Sinners forgiven
Neither by the blood of goats and calves, but by his own blood he entered in once into the holy place, having obtained eternal redemption for us. Heb. 9:12
The redemption that Christ accomplishes is complete. There is nothing that we can do to add to what he has already done. No amount of fasting, or crying, or punishing yourself can add to the infinite value of our Lord’s saving work. If we think that we must do something to make us worthy of Christ, then we have misunderstood what he came to do. He did not come so that you could make yourself worthy for him. He came to take your unworthiness upon himself so that you could have his worthiness. For us to offer Christ our efforts toward repairing our fallen image is to mock what he has done. It is to question his finished work. Paul does not say that we have a partial redemption through his blood or that we have the forgiveness of most of our sins through Christ and that we have to make up for the rest. No, we have full redemption through his blood and the forgiveness of all our sins. It is because of this that the apostle can confidently say to the Romans, “There is therefore now no condemnation to those who are in Christ” (Rom. 8:1).
Christ is the only one in whom we have such redemption. The only way we can be saved, the only way we can obtain the forgiveness of our sins, is by being connected to the death that Jesus died upon the cross. There is no other way of salvation. If your sins are not forgiven on the basis of what Jesus did on the cross, then they are not forgiven. It is only as we are in him that we can be saved.
How then do we become connected to Christ? How is it that we come to be in him? Our Lord himself tells us in John 6:35, in response to those who asked him to give them the bread that comes down from heaven (see Jn. 6:32-34): “And Jesus said unto them, I am the bread of life: he that cometh to me shall never hunger; and he that believeth on me shall never thirst.” The way to be connected to our Lord the bread of life is to believe in him.
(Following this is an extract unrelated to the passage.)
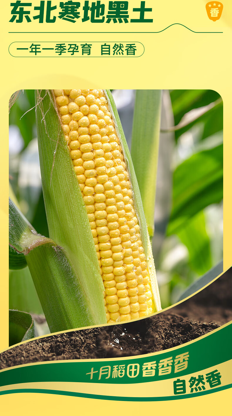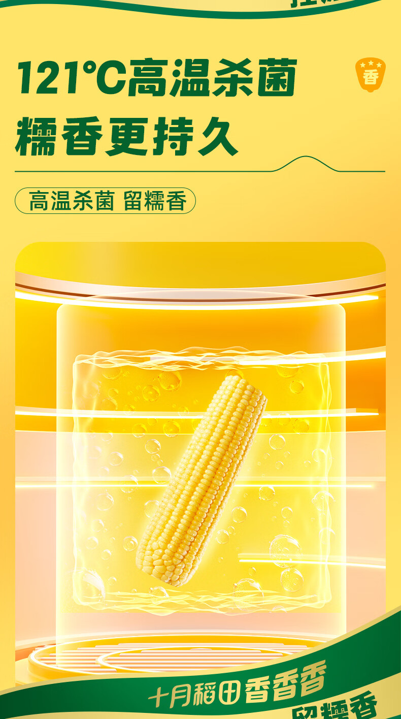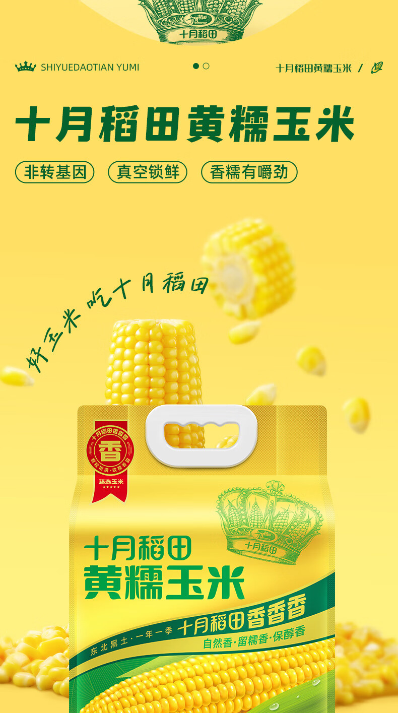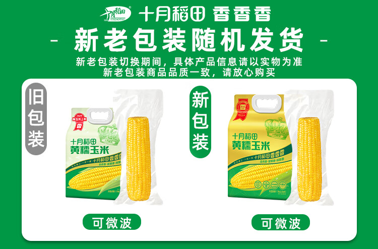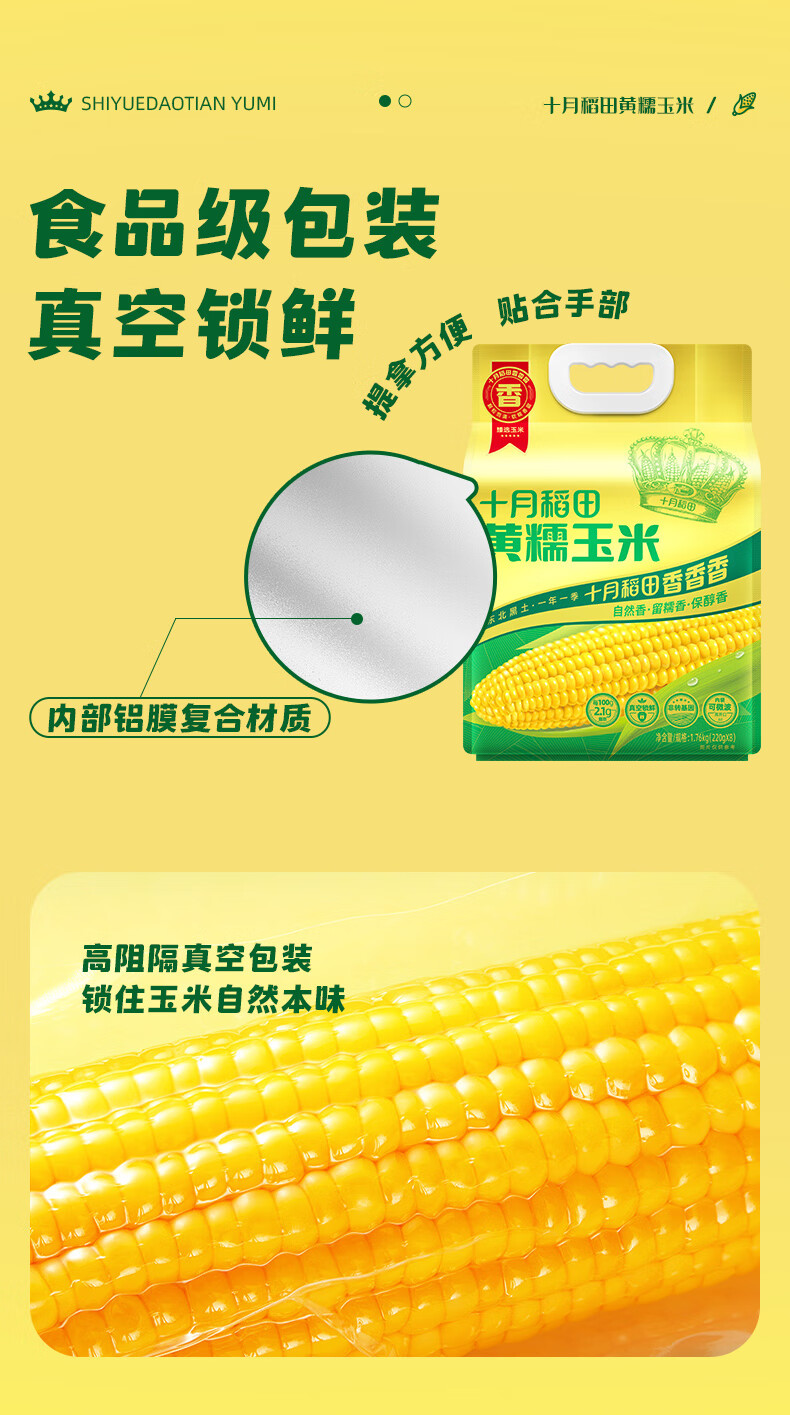 十月稻田 黄糯玉米 3.52斤(220g*8根) 东北甜黏玉米棒 早餐苞米 真空包装

Or, as the apostle Paul puts it so thoroughly in his epistle to the Romans, we are justified by faith. This of course means more than mere intellectual assent that he is Lord and Savior. The demons believe that. True faith (that which is the gift of God, Eph. 2:8) involves not only mental assent but also the trust of the will and the affection of the heart. It means that we understand our need of him, that we are sinners and that we cannot save ourselves. It means that we understand the depth of our need and that Christ is the only one who can save us. It means that we willingly place ourselves under his command, recognizing him as Lord as well as Savior. It means that we trust in him and follow him. Those who do so are given eternal life; they are saved. It is not about bringing anything to the table. It is about receiving what Christ has accomplished already on the cross. It is about resting in him and in his work, not in our own. According to the Scripture, those who do so are saved, once and for all, finally and completely. Praise God for the riches of his grace in Christ!